Fool’s Gold!! There are quite a few minerals that have shiny or brassy appearances, but Pyrite (also known as Fool’s Gold) is the one that is most commonly mistaken for real Gold. Pyrite comes in many different varieties and has many different appearances; this is because it is a very common mineral in the Earth’s crust, so much so that it can be found in almost any environment.
Even though Fool’s Gold is extremely common, it is interestingly enough still very popular among rock collectors. This could be because Gold adoration throughout the world’s history has led some rock collectors be drawn to anything with the appearance of Gold, even if they know it isn’t real. Because Fool’s Gold is essentially worthless, it is probably best suited as a souvenir or an object with some kind of sentimental value.

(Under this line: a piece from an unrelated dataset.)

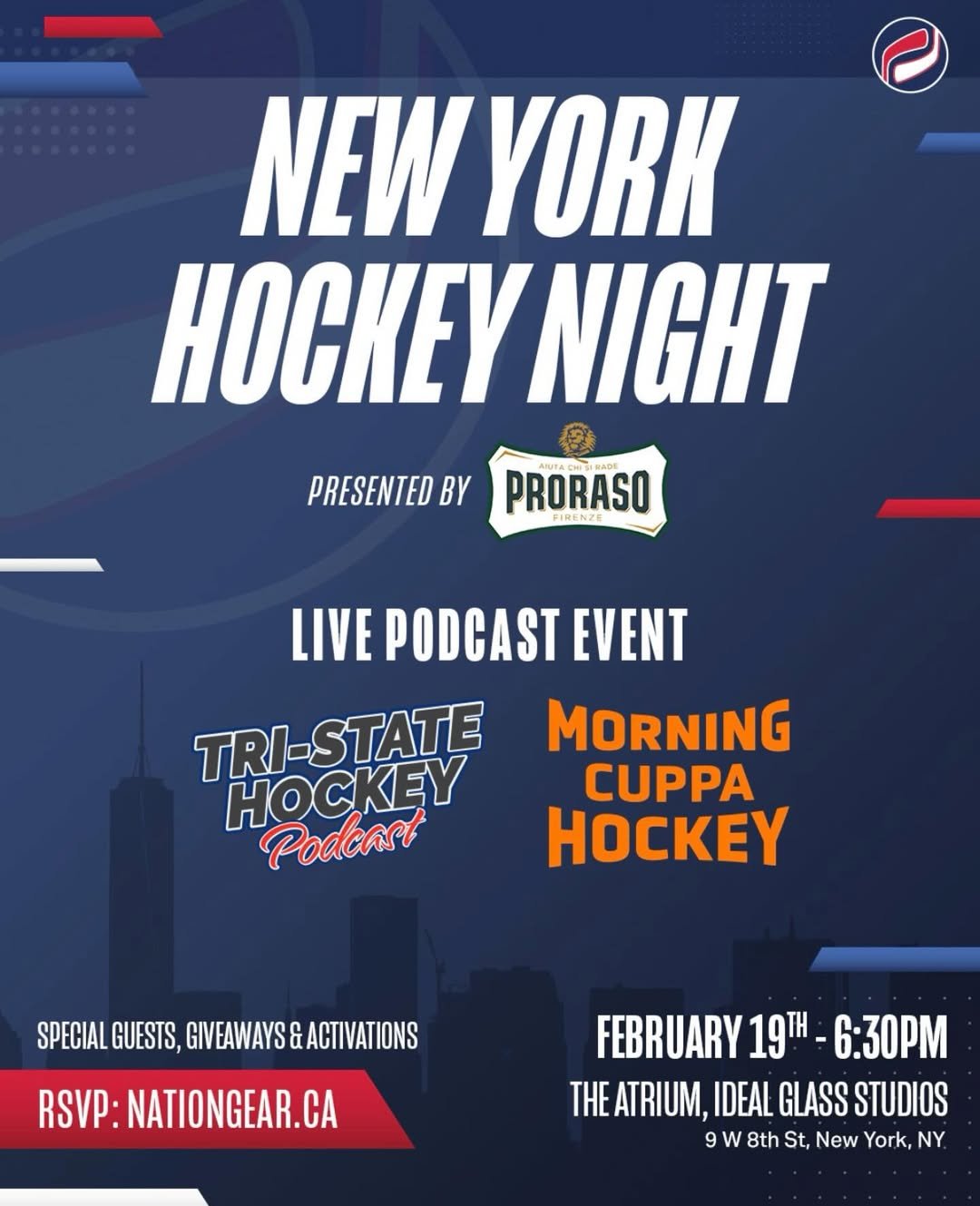 Free beer & pizza , live podcasts, gift bags, Proraso popup barbershop ๐, accuracy challenge, giveaways from Eataly & unapologetic hockey talk with Morning Cuppa Hockey + Tri-State Hockey Pod.

One of the biggest reasons why Pyrite is frequently mistaken for real Gold is that, besides being similar in appearance, they are also often found in close proximity to one another. Actually, if you know what to look for it can be quite easy to tell the two apart: Pyrite is much lighter in color, less dense, and harder than Gold. In fact, pure Gold can be scratched easily with a knife or even with a fingernail.
If you think you may have found a piece of real Gold, there are a few easy ways to tell whether it is actually Pyrite:
• First, try smelling the rock. This may seem like an unusual thing to do, but you may be surprised by what you find. Pyrite is comprised of a large amount of sulfur and will give off a smell that is similar to rotten eggs.
• Gold and pyrite both have an intense metallic luster, but they are very different shades of yellow. Gold appears more gold to silvery and will never tarnish, while pyrite is a pale to medium brassy yellow that may be tarnished.
• Gold is often found in the form of nuggets or very small flakes, with small cubic crystals being very rare. Pyrite on the other hand is commonly found in the form of small cubes and octahedrons. Essentially, if you are holding Gold with a lot of pointy edges, there is a good chance it is actually Pyrite.
• Finally, try holding the specimen up to the sun and see if it refracts the light, appearing very glittery. If it does, there is a very good chance that it is Fool’s Gold.